## [Task to complete]
Beneath this instruction is a listing. Transcribe from it only the stretch from the line with "The Lover Samsung" through the line with "- Wide-neck ribbed", both end lines included, exactly as written.
━━ Provided data
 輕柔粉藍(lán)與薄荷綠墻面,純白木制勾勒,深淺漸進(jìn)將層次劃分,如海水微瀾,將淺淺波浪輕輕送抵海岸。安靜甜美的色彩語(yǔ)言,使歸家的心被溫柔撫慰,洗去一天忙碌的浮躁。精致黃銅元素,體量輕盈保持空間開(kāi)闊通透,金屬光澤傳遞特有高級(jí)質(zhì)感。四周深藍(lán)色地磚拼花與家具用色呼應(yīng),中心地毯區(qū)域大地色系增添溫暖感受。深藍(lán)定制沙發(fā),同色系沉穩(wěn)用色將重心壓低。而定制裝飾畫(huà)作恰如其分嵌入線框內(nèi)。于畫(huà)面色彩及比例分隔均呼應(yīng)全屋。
━━━━
━━ Provided data
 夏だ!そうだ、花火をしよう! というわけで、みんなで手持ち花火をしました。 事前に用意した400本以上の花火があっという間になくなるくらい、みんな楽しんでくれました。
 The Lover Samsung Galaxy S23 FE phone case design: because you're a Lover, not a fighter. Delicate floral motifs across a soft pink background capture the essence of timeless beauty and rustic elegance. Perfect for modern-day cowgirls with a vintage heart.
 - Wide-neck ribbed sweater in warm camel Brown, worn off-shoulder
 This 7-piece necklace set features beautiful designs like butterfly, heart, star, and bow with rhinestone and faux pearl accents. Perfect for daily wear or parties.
━━━━
## [Answer section]
 The Lover Samsung Galaxy S23 FE phone case design: because you're a Lover, not a fighter. Delicate floral motifs across a soft pink background capture the essence of timeless beauty and rustic elegance. Perfect for modern-day cowgirls with a vintage heart.
 - Wide-neck ribbed sweater in warm camel Brown, worn off-shoulder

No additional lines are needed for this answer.